Dynasty Warriors has always been an acquired taste, a bit like Marmite. For some, its button mashing madness goes down like cheesecake. For others, it's the button mashing madness that makes it repulsive. PSP-exclusive Dynasty Warriors: Strikeforce is unlikely to change anyone's taste buds either way: if you love it, you'll love it. If you don't, you won't.
That somewhat simplified summing up is of course no good to those who are yet to decide which side of the fence they should perch upon. Dynasty Warriors is a third-person action series loosely based around the Chinese epic poem Romance of the Three Kingdoms, a yarn that's full of massive battles and brave warriors who can take on thousands of ordinary soldiers. It's famed for simulating huge battles, with massive numbers of soldiers on screen at any one time. It's also famed for being one hell of a button masher. Perhaps the most button mashing button masher ever. The series is a big hit in Japan, but in the West it's so far been one of those games that enjoys a loyal but small following. Publisher Koei hopes Strikeforce will change all that.

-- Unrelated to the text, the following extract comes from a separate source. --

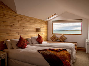 プエルトナタレスから車で北へ10分程の所にある、プエルトボリエス港の傍にあるデラックスクラスホテルです。20世紀の古い倉庫を利用して建てられた外観が特徴的で、フィヨルドの風景を満喫していただけるようお部屋の窓は幅6mと大きく造られています。レストランやスパも充実していてホテル内ではゆったりとお過ごし頂けます。

How? By streamlining the traditional Dynasty Warriors format for PSP play and sprinkling it with a dash of Monster Hunter Portable 2nd G and a pinch of Dragon Ball Z. Monster Hunter, as any Japan-ophile knows, is a PSP game that's pretty much transformed what it means to play the PSP in Japan. People gather together to play cooperatively, linking their PSPs wirelessly at train stations, bus stops, parks and schools. It's a proper phenomenon, and a huge sales success.
Dynasty Warriors veterans will, however, first notice how the game's been altered by developer Omega Force to fit the PSP. The arenas have been downsized and divided up into separate areas that require a brief load, and the number of enemies on screen at any one time has, inevitably, been drastically reduced. The idea here is to be able to take on a mission and finish it in around 10 minutes - perfect for your average commute.
But the core Dynasty Warriors spirit remains. You begin the game by selecting one of the many characters fans will know well from the series. There's absolutely loads of them, each with their own signature weapon, fighting style, advantages and disadvantages. After some lovely FMVs, which do a decent job of giving you a history lesson on ancient China without making your eyes bleed, it's off to the main hub: a Chinese village of some sort. From there you can jump straight into the action, taking on side missions from the noticeboard and key story missions from the village guard.
Missions have pre-set goals: kill the enemy general or capture the enemy base, for example, and a time limit within which to achieve them. To win you invariably need to wade through scores of grunts with combinations of light and heavy attacks, occasionally stopping to pick up items dropped as loot. Once you've completed your mission, it's level up time - back to the hub, rinse and repeat.
It's in the hubs that the Monster Hunter influence is felt strongest. Character customisation, one of that series' hallmarks, has been ramped up by allowing you to select any weapon type as a secondary weapon. That doesn't sound like much, but it's a big deal for Dynasty Warriors - the series has traditionally restricted the weapons used by the game's characters in an effort to retain a historically accurate feel.
In each hub (as you progress through the story the village you're staying at will change) a handful of stores allow you to purchase new items and abilities. Chi powers can be bought from the Academy, which give you new abilities like a double jump or an extra dash. These powers are equipped to one of four limbs, and are not only extremely useful out on the battlefield, but give your character model nice sparkly bits on their wrists and ankles. Lovely.